Neste livro, reúno alguns mitos, religião, história, psicologia profunda, casos da minha prática clínica, histórias pessoais de colegas, amigos, familiares, personalidades famosas e eventos globais. Também descrevo minha jornada interior para poder guiar vocês – e a mim – rumo à recordação e ao regresso à riqueza mais íntima do nosso próprio “submundo”.2

1. Aristóteles utilizou o termo “psique” para se referir “à essência da vida”, e outros interpretaram esse conceito como “espírito” ou “alma”. No século XX, surgiu um campo de investigação sobre a psicologia profunda, e um de seus fundadores, C. G. Jung, utilizou o termo “psique” para se referir à totalidade da mente, do espírito e da alma humana: consciência e inconsciente.

O submundo é o lugar do desconhecido – da escuridão, do oculto, dos mortos, dos monstros e demônios, das árvores horríveis e das fissuras que serpenteiam terra adentro. É o lugar onde guardamos as partes descartadas de nós mesmos, dos aspectos de nossa identidade que nossos pais, educadores, a sociedade e nós mesmos consideramos, em algum momento, impróprios e inadequados.

Não há limiar mais desafiador a atravessar que aquele entre os mundos diurno e noturno, entre as partes conscientes e inconscientes de nós. Há séculos os seres humanos transmitem histórias do submundo – assim como seu objetivo e o modo de chegar lá. Seja viajando para as cavernas sob a terra ou para as profundezas de nossa alma, a jornada ao submundo é uma experiência de luto, sacrifício, experiências indesejadas e difíceis, perigo, desavenças passadas, incerteza e, até mesmo, da dissolução de quem fomos outrora.

A escuridão é o lugar aonde vamos para resgatar tesouros esquecidos, e, para chegar lá, é possível que tenhamos de atravessar rios insondavelmente profundos, combater forças hostis e enfrentar os julgamentos dos deuses. Na escuridão, contemplamos coisas que desejamos nunca ter visto, horrores e desafios dos quais jamais esqueceremos. Talvez nossa voz se transforme em gritos, nosso peito aperte, nosso sangue congele, nossos passos vacilem. Trata-se de um lugar onde as luzes se apagam e o mundo para. Quando nos encontramos nas profundezas submersas da mente humana, pode até ser difícil se lembrar da superfície.

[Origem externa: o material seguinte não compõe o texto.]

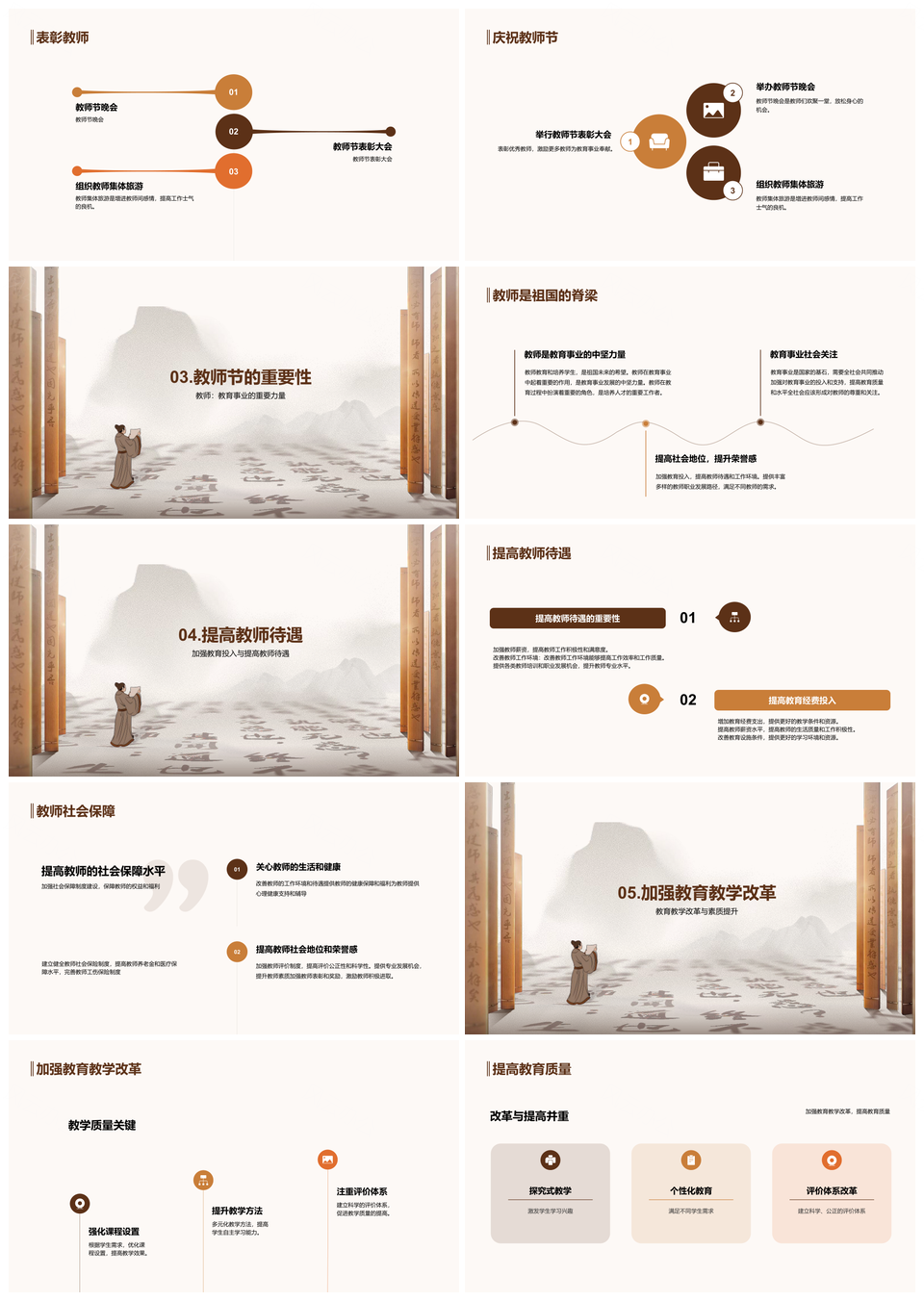 这是一张2025黄色古风教师节教书育人山水书简庆祝PPT模板,包含2025、黄色、古风、教师节、教书育人、山水、书简、庆祝等主题内容,也可用作2025黄色古风教师节、黄色古风教师节庆祝、古风教师节教书育人、教师节教书育人山水、教书育人山水书简、2025黄色山水书简、黄色古风山水书简、2025古风教师节庆祝、教师节山水书简庆祝、古风山水书简庆祝、黄色教师节教书育人、教师节教书育人书简、山水书简庆祝、教书育人庆祝、古风书简庆祝等PPT场景使用。 风云办公提供的2025黄色古风教师节教书育人山水书简庆祝PPT模板,下载格式为pptx,一共20页,作品中文字及图均可以修改和编辑,图片更改请在作品中右键图片并更换,文字修改请直接点击文字进行修改。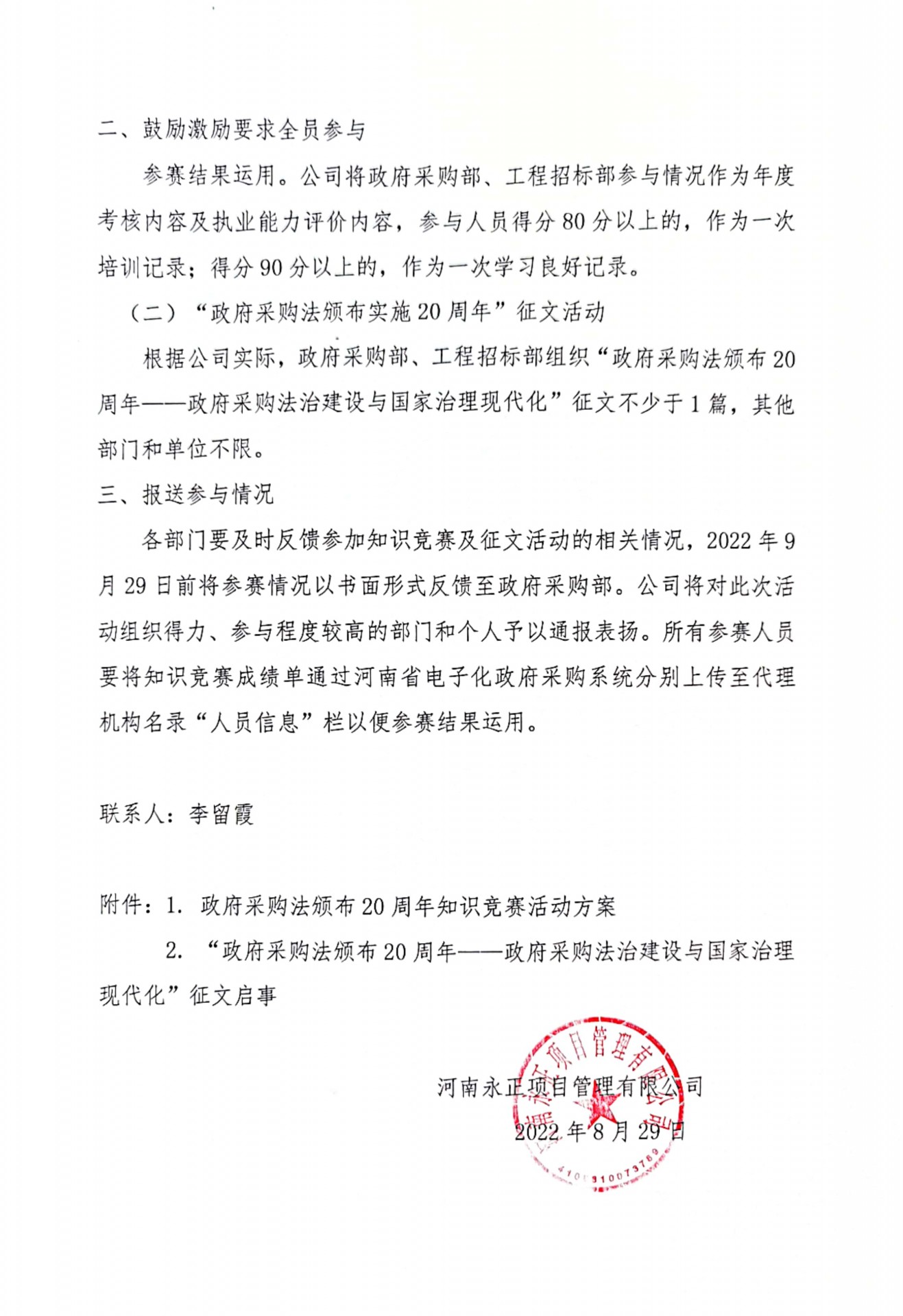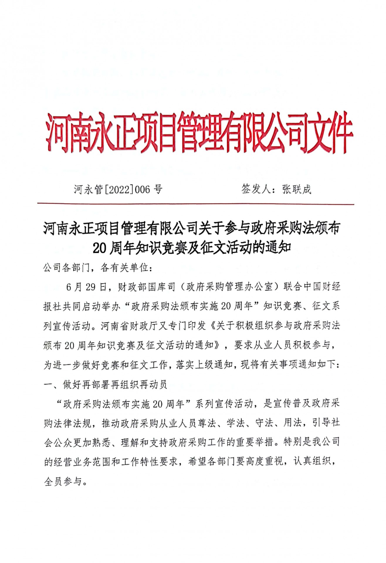 6月29日,财政部国库司(政府采购管理办公室)联合中国财经报社共同启动举办“政府采购法颁布实施20周年”知识竞赛、征文系列宣传活动以来,河南省财政厅又专门印发《时博入口积极组织参与政府采购法颁布20周年知识竞赛及征文活动的通知》,要求从业人员

Podemos nos encontrar perante a escuridão, que pode aparecer por meio de uma série de gatilhos. Por vezes, isso é resultado de um único evento traumático, como a morte súbita de um ente querido ou uma violação física ou psicológica; outras vezes, pode ser uma doença ou um acidente. Também pode ser uma resposta a atitudes subjacentes e implícitas em nossa família e se mostrar uma referência a outros níveis que permeiam grupos como nossos antepassados, amigos, cultura ou religião. Talvez surja por nos sentirmos indesejados, órfãos, abusados, subestimados e desvalorizados. Depois de anos de uma relação emocionalmente abusiva e codependente, uma jovem mulher descreveu-se como anestesiada, desconfiada, paranoica e exausta: “Estou fraca por estar em guerra há muito tempo. Tudo o que quero fazer é cair de bruços e me deitar ali. Não tenho mais força ou emoção em mim. Tudo o que posso fazer é ser como uma concha e esperar que o sopro do dia me encha os pulmões”. As palavras dela captam o que é nos encontrarmos na escuridão.

2. A título de confidencialidade, deixei de fora nomes e informações que possam identificar pacientes. Em estudos de caso e histórias, a menos que sejam autorizadas informações biográficas, incluo nomes de pessoas que já divulgaram publicamente suas narrativas.

A jornada ao submundo é universal e, portanto, comum a todas as culturas, religiões, pessoas e lugares. Em seu estudo dos ritos de sepultamento, Robert Pogue Harrison observa que a palavra humanidade deriva do latim humus, que significa “terra” e “enterrar”.3 Ser humano significa colocar partes de nós debaixo da terra e depois entrar em lugares escuros em nosso mundo, para poder fazer rituais, que são como formas predeterminadas de realizar uma cerimônia. Também fazemos sacrifícios para nos reconectarmos com as partes mais profundas de nós mesmos – com os tesouros que escondemos, os elementos que sepultamos. Com proibições e presságios, viajar para as profundezas, ser atraído para a escuridão, sempre fez parte da realidade humana. Isso sugere um antigo anseio.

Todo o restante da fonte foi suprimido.